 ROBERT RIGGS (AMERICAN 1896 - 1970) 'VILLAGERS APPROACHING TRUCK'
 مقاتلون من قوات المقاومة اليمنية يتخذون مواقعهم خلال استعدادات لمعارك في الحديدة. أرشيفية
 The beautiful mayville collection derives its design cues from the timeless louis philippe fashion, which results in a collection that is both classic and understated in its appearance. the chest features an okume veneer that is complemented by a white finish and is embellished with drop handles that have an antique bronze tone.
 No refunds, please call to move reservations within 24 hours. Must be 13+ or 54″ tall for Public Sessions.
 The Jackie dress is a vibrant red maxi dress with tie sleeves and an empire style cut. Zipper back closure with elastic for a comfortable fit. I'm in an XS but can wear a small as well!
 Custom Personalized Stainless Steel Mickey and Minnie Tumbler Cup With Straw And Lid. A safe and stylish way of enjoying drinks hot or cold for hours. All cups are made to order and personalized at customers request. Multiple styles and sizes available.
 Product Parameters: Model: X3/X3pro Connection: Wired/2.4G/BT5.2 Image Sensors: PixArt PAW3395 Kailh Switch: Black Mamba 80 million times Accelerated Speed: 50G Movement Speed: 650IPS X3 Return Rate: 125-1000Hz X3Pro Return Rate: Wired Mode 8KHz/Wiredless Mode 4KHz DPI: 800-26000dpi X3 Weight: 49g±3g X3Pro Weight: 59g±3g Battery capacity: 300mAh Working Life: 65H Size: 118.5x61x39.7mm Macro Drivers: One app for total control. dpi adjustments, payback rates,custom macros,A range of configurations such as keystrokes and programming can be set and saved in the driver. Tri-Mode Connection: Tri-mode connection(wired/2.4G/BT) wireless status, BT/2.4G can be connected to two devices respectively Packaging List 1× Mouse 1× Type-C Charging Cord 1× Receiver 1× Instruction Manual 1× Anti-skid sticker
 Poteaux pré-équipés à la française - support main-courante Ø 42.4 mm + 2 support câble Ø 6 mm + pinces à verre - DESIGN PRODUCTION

━━━━

TASK GOAL >> Look for the word "hours" in the data, then return every line that contains it.

EXERCISE RESULT >>
 No refunds, please call to move reservations within 24 hours. Must be 13+ or 54″ tall for Public Sessions.
 Custom Personalized Stainless Steel Mickey and Minnie Tumbler Cup With Straw And Lid. A safe and stylish way of enjoying drinks hot or cold for hours. All cups are made to order and personalized at customers request. Multiple styles and sizes available.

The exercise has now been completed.